India approves $15 bln in milestone chip fabrication plant investments
India’s government has approved $15.2 billion worth of investments in semiconductor fabrication plants, including a Tata Group proposal to build the country’s first major chipmaking facility.
Prime Minister Narendra Modi’s cabinet approved Tata’s plan to build a site that can fabricate about 50,000 wafers per month, among other projects, technology minister Ashwini Vaishnaw told reporters in New Delhi on Thursday.
The government also cleared Tata’s separate proposal for $3 billion-plus chip assembly plant.
While still merely a blueprint, the approvals advance India’s semiconductor ambitions. Like a growing number of countries around the world, the Modi administration is keen to endorse and back the building of domestic chipmaking capacity, ensuring supply of the components needed for future technologies from AI to self-driving cars.
“We will start construction of this plant within 100 days,” the minister said during the briefing.
India hopes to attract chip giants in much the same way incentives have encouraged Apple Inc. and its partners to make and sell iPhones in the country, a boost to its giant manufacturing sector.
It’s offered to shoulder half the cost of any approved projects, up to an initial ceiling of $10 billion. The semiconductor fund has already helped US memory maker Micron Technology Inc. establish a $2.75 billion assembly facility in Gujarat.
The Tata conglomerate is expected to partner with Taiwan’s Powerchip Semiconductor Manufacturing Corp. for its project, though it has also held talks with United Microelectronics Corp.
The new facility will produce so-called mature chips — using 40-nanometer or older technology — that are very widely used in consumer electronics, automobiles, defense systems, and aircraft.

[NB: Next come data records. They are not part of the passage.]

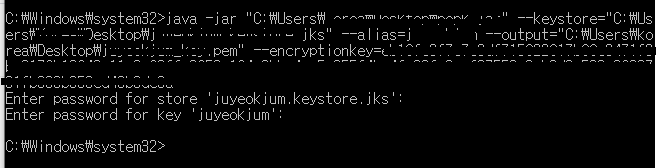위의 그림과 같이 키스토어 패스워드와 키 패스워드를 입력하면 바탕화면에 아무이름이나.pem 파일이 생성되어 있을 겁니다.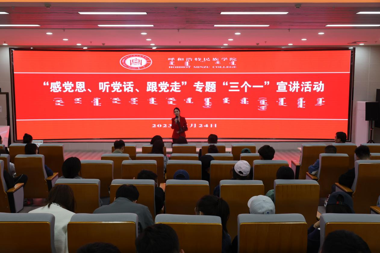 宣讲会上,思政课教师代表张海峰、学生代表张翎艳、多丽雅等三位主题教育宣讲团成员,运用大量的图片素材和短视频,通过叙述改革开放以来,尤其是进入新时代以来内蒙古大地发生的翻天覆地的变化和内蒙古各族人民蒸蒸日上的美好生活中所展现出的感人小故事和身边鲜活的案例,充分展现了在党的民族政策的光辉照耀下,内蒙古各族儿女共同团结奋斗,共同繁荣发展的美好景象。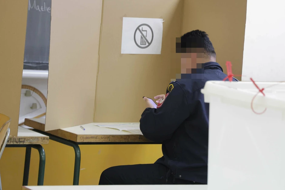 Iako je izričito zabranjena upotreba mobilnih telefona na biračkom mestu, a pogotovo slikanje ispunjenog glasačkog listića, ovaj policajac to, očigledno, ne zarezuje.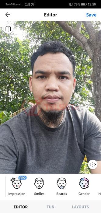 – Pilih filter sesuai keinginan anda pada Tab Editor. Pilih beberapa filter permak wajah yang tersedia. Aplikasi ini bisa mengubah foto wajah untuk setiap bagian, seperti bibir, gaya rambut, warna rambut dan juga rambut wajah.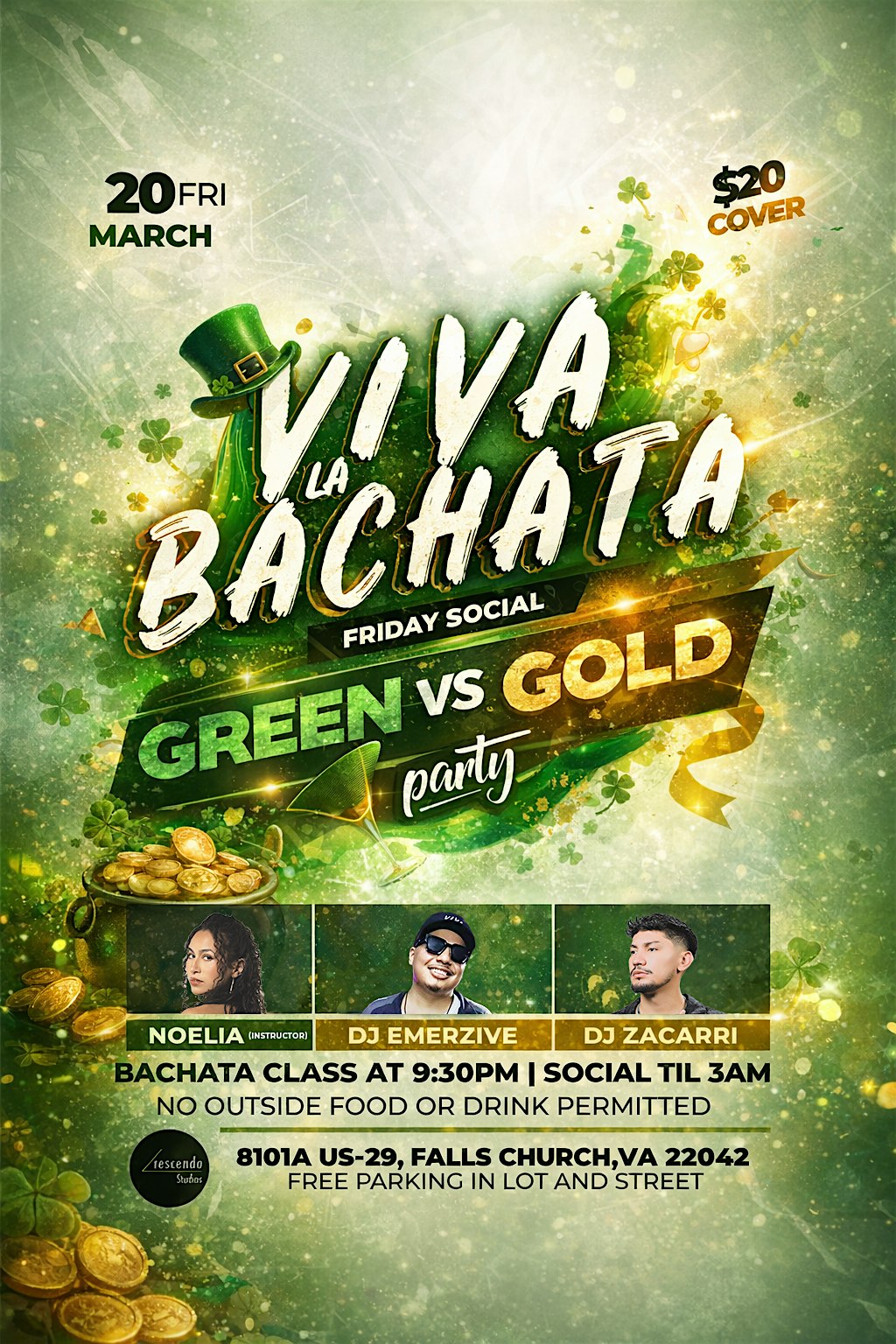 by admin05Mar VIVA LA BACHATA Green vs. Gold party at Crescendo Studios – Falls Church, VA VIVA LA BACHATA Green vs. Gold party at Crescendo Studios – Falls Church, VA 3 3 people viewed this event. Your ideal Bachata social dancing night. Tickets-RSVP Link Date And Time Friday, March 20th, 2026 09:00 PM (PST) Venue Crescendo Studios Location 8101a U.S. 29, Falls Church, VA 22042 Event Types MusicParty or Social Gathering Event Category Virginia Share With Friends Facebook Twitter Linkedin Xing Pinterest Share This Post:

The $150 billion Tata group has previously said it plans to begin construction of a chip fabrication plant in Dholera this year.
The moves are part of Tata’s nascent push to invest billions of dollars in high-tech businesses. Tata operates India’s biggest smartphone component plant, constructed at a cost of more than $700 million, in southern India. It also bought Apple supplier Wistron Corp.’s India factory last year and is seeking to build its own iPhone plant.
Semiconductors have grown into a key geopolitical battleground, with the US, Japan, and China investing heavily in developing domestic capabilities. Modi’s push to turn India into a global manufacturing hub also includes luring more international chipmakers to the country — a bid to rely less on expensive imports and enhance a growing smartphone assembly industry.